Dataset entries:
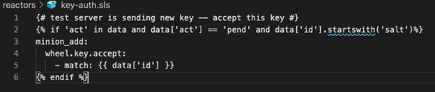 This blueprint deploys the full stack for SaltStack Enterprise utilizing a centOS 7 template for the Master and Ubuntu18 for all the Minions. This allows Salt Enterprise to have the configuration needed, while still deploying configuration to the Minions and setting them up to communicate with the Master. On top of the SaltStack solution, we deployed an NSX-T Load Balancer for the front-end web servers with vRealize Automation. This allows the servers for SaltStack via Cloud-Init to be configured. Once Cloud-Init configures the Master and Minions, it will clone the needed repository to the Master and perform all the needed configurations. The first thing the Master will need to do is accept the Minion Key. Minions use Key Authorizations to create a communicative link to the Master. Before anything can be pushed from the Master to the Minion, the Key must be accepted in the Master. This process was automated with a piece of code in the Reactor to auto-accept Keys. Figure 3 is a snippet of the code:
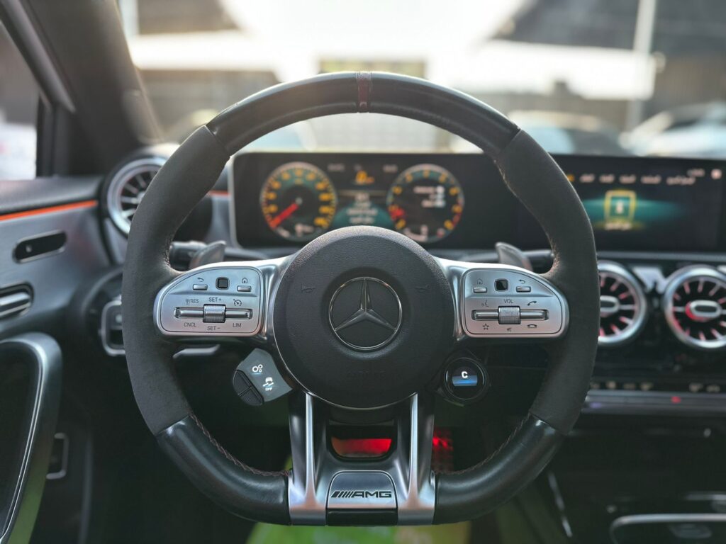 الأداء: محرك AMG سعة 2.0 لتر مع شاحن توربيني، يولد قوة حصانية مذهلة مع نظام دفع رباعي 4MATIC لثبات فائق على المنعطفات.
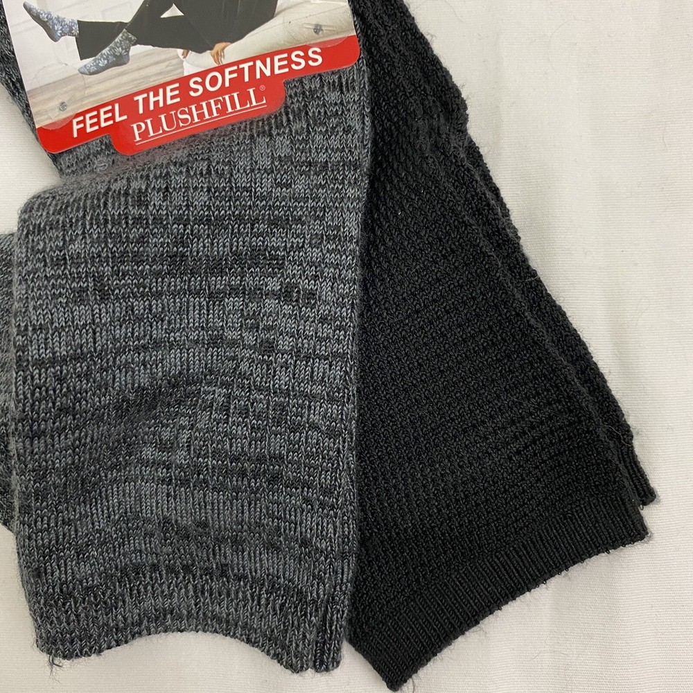 Warm Essentials by Cuddl Duds Leg Layering Crew Socks 2 pair Shoe Size 4-10 NEW on hang card Super soft feel with PLUSFILL yarn. 99% Polyester 1% Spandex Machine wash and dry Color : 1 pair black, 1 pair gray with black Stock # SK-15
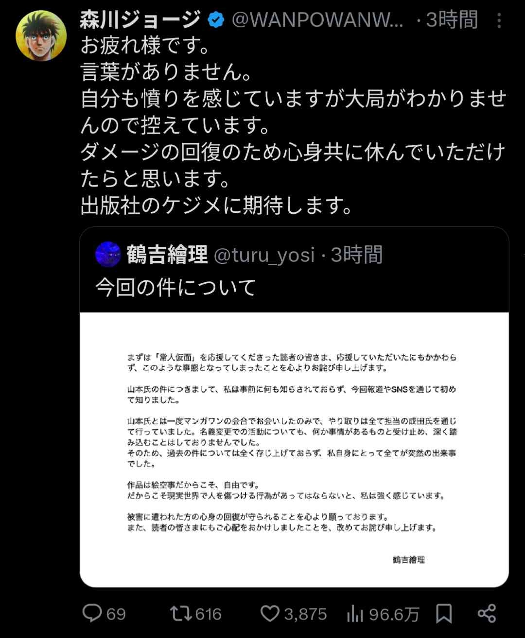 国民的人気マンガ「はじめの一歩」作者、小学館の騒動をうけお気持ちを表明
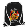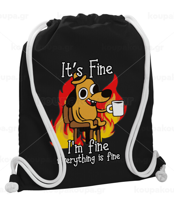 It's Fine I'm Fine Everything Is Fine, Τσάντα πλάτης πουγκί GYMBAG Μαύρη, με τσέπη (40x48cm) & χονδρά λευκά κορδόνια
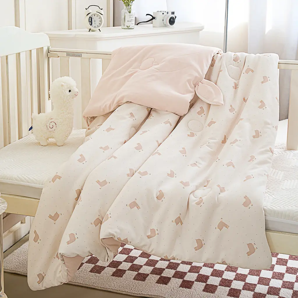 With its colorful alpaca patterns and breathable kitted cotton fabric, this baby all season comforter pairs adorable ear design with incredible softness that’s gentle on baby’s skin. It's crafted from knitted cotton material that's lightweight and durable.
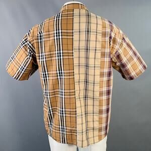 BEAMS HEART short sleeve shirt in a brown, black, and white cotton blend fabric featuring mixed plaid patterns, one pocket, and button closure.
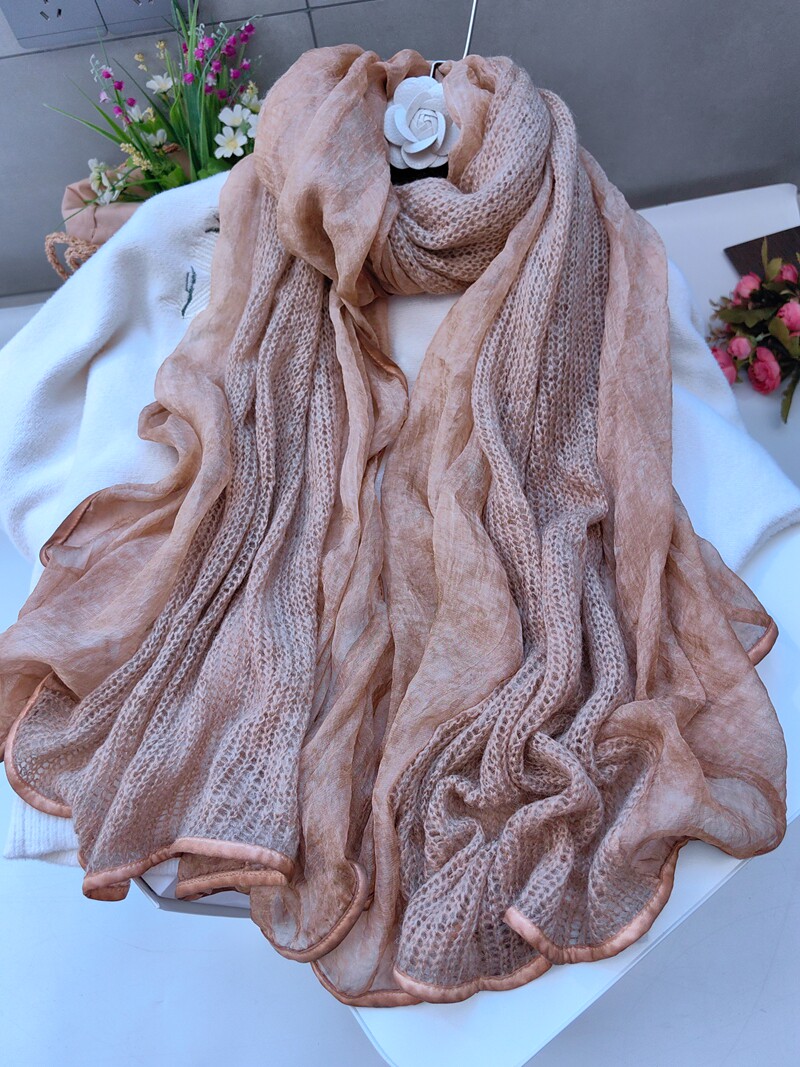 📚 秋冬新款咖啡卡其驼棕色真丝羊绒毛线拼接韩版围巾女披肩洋气时尚
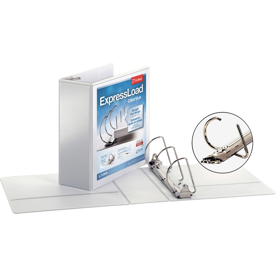 D-ring view binder features a straight post design that makes it easy to load contents. Ideal for multiple presentations and reports. Straight Post-D ring design removes the hassle of maneuvering sheets over the curve while protecting them from damage during loading/unloading. Locking steel rings hold contents securely and are back-mounted to reduce wear and let pages lie flat. 4″ capacity holds approximately 750 sheets. Horizontal interior pockets offer quick and convenient storage. Each pocket holds 40 sheets. Clear, nonglare overlays on front, spine and back allow easy customization on all three sides. Poly material will not stick to cover inserts or materials stored inside. Poly material is safe for all documents including photographs. ExpressLoad ClearVue Locking D-Ring Binder also offers cold crack-resistance to 5 degrees Fahrenheit, a sturdy chipboard core and exposed rivets.

» WORK ORDER
Although the records contain pictures, only the text should be copied, exactly as it stands.

» SOLUTION TO THE EXERCISE
 This blueprint deploys the full stack for SaltStack Enterprise utilizing a centOS 7 template for the Master and Ubuntu18 for all the Minions. This allows Salt Enterprise to have the configuration needed, while still deploying configuration to the Minions and setting them up to communicate with the Master. On top of the SaltStack solution, we deployed an NSX-T Load Balancer for the front-end web servers with vRealize Automation. This allows the servers for SaltStack via Cloud-Init to be configured. Once Cloud-Init configures the Master and Minions, it will clone the needed repository to the Master and perform all the needed configurations. The first thing the Master will need to do is accept the Minion Key. Minions use Key Authorizations to create a communicative link to the Master. Before anything can be pushed from the Master to the Minion, the Key must be accepted in the Master. This process was automated with a piece of code in the Reactor to auto-accept Keys. Figure 3 is a snippet of the code:
 الأداء: محرك AMG سعة 2.0 لتر مع شاحن توربيني، يولد قوة حصانية مذهلة مع نظام دفع رباعي 4MATIC لثبات فائق على المنعطفات.
 Warm Essentials by Cuddl Duds Leg Layering Crew Socks 2 pair Shoe Size 4-10 NEW on hang card Super soft feel with PLUSFILL yarn. 99% Polyester 1% Spandex Machine wash and dry Color : 1 pair black, 1 pair gray with black Stock # SK-15
 国民的人気マンガ「はじめの一歩」作者、小学館の騒動をうけお気持ちを表明
 It's Fine I'm Fine Everything Is Fine, Τσάντα πλάτης πουγκί GYMBAG Μαύρη, με τσέπη (40x48cm) & χονδρά λευκά κορδόνια
 With its colorful alpaca patterns and breathable kitted cotton fabric, this baby all season comforter pairs adorable ear design with incredible softness that’s gentle on baby’s skin. It's crafted from knitted cotton material that's lightweight and durable.
 BEAMS HEART short sleeve shirt in a brown, black, and white cotton blend fabric featuring mixed plaid patterns, one pocket, and button closure.
 📚 秋冬新款咖啡卡其驼棕色真丝羊绒毛线拼接韩版围巾女披肩洋气时尚
 D-ring view binder features a straight post design that makes it easy to load contents. Ideal for multiple presentations and reports. Straight Post-D ring design removes the hassle of maneuvering sheets over the curve while protecting them from damage during loading/unloading. Locking steel rings hold contents securely and are back-mounted to reduce wear and let pages lie flat. 4″ capacity holds approximately 750 sheets. Horizontal interior pockets offer quick and convenient storage. Each pocket holds 40 sheets. Clear, nonglare overlays on front, spine and back allow easy customization on all three sides. Poly material will not stick to cover inserts or materials stored inside. Poly material is safe for all documents including photographs. ExpressLoad ClearVue Locking D-Ring Binder also offers cold crack-resistance to 5 degrees Fahrenheit, a sturdy chipboard core and exposed rivets.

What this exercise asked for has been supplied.